Example (YouTube video):

Singing PM: 'Fats' Putin over the top of 'Blueberry Hill' with piano solo

I don't understand what part of speech the word 'Fats' is used as. As an adjective that describes Putin? Also, how do you understand the phrasing over the top of 'Blueberry Hill'?

  • 2
    Who sang Blueberry Hill, originally? 'Fats' Domino. Jul 2 '15 at 6:58
  • This is frightening. Jul 2 '15 at 15:05
  • Clearly, 'Fats' is an adjective.
    – Caroffrey
    Jul 3 '15 at 9:40

As others have pointed out, the song was originally by singer "Fats" Domino, and so '"Fats" Putin' is a reference to this.

Which, to answer the question, makes "Fats" a nickname (or as a part of speech, a proper noun).

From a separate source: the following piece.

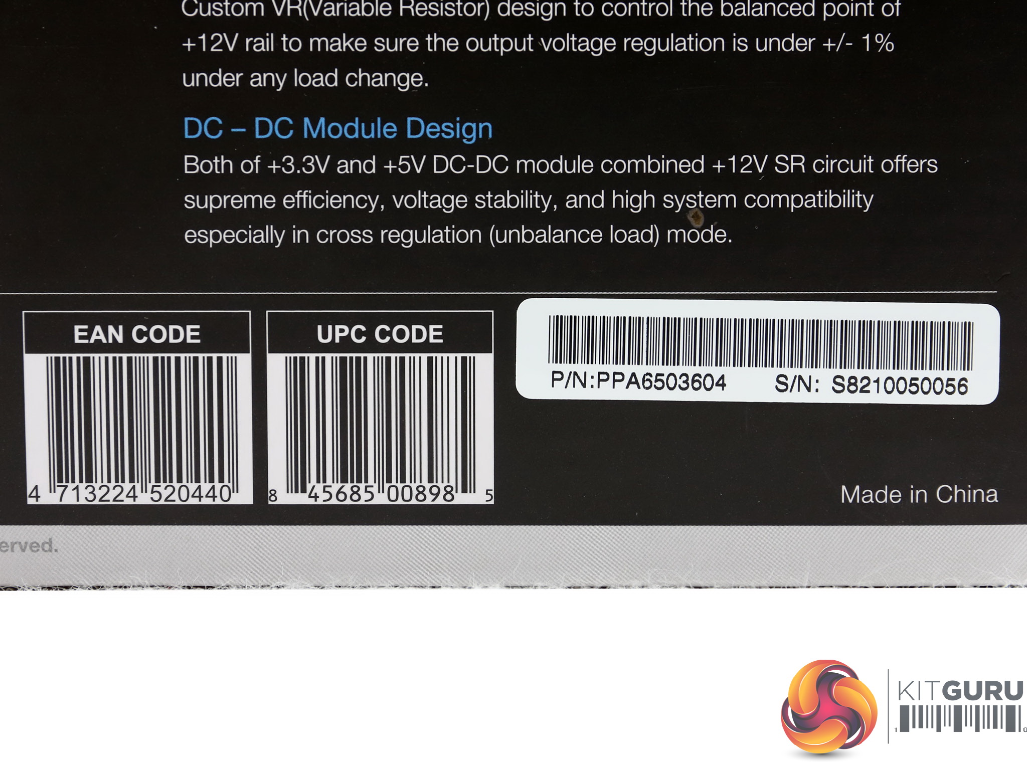 On the sides the stickers depict the line's name, while a large sticker at the bottom side shows the power specifications table along with the product's serial and part numbers.
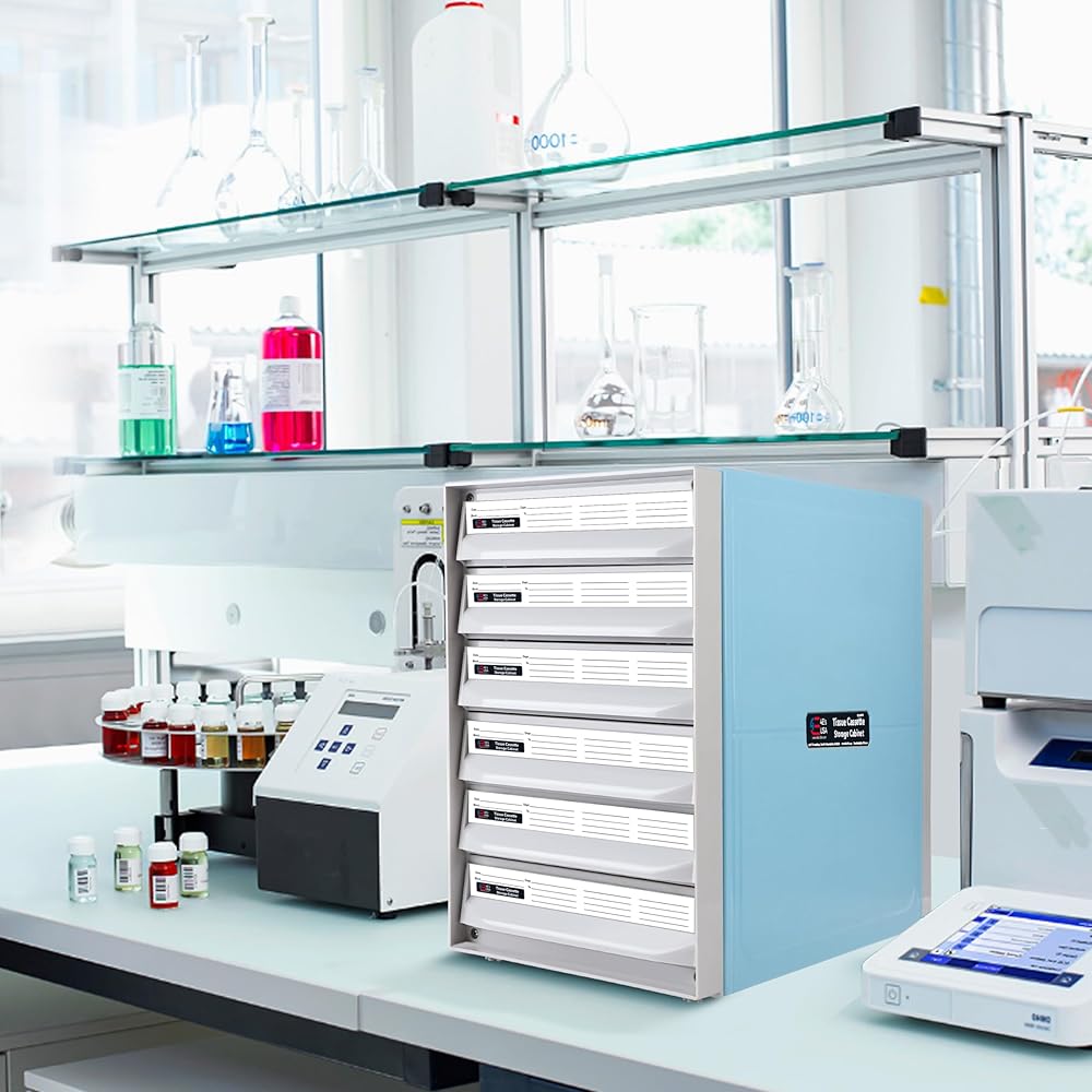 سعة هائلة — يمكن لكل درج استيعاب 350 علبة، مما يمنح الخزانة بأكملها سعة هائلة تصل إلى 2100 علبة. تم حل معضلات التخزين الخاصة بك!

And because I've just realised I missed the second half of your question...

To sing "over the top of" something usually means a karaoke-style situation: there's a performance (more often recorded, but in this video live), and you're singing it too... but your voice is being heard "over the top of" it, because you've got a microphone or just a loud voice.

Now, normally you wouldn't say that (for instance) the lead singer of a band is singing "over the top of" the backup singers and the musicians; they're part of the performance. But in this video, it's an appropriate description, because Putin isn't really part of the band. He's there because it's a charity event where famous people do unusual things like this. So it's fair to say the band is performing so that Putin has something to sing "over the top of".


Because he performed the 'Fats Domino's rock n' roll version of the Blueberry Hill song.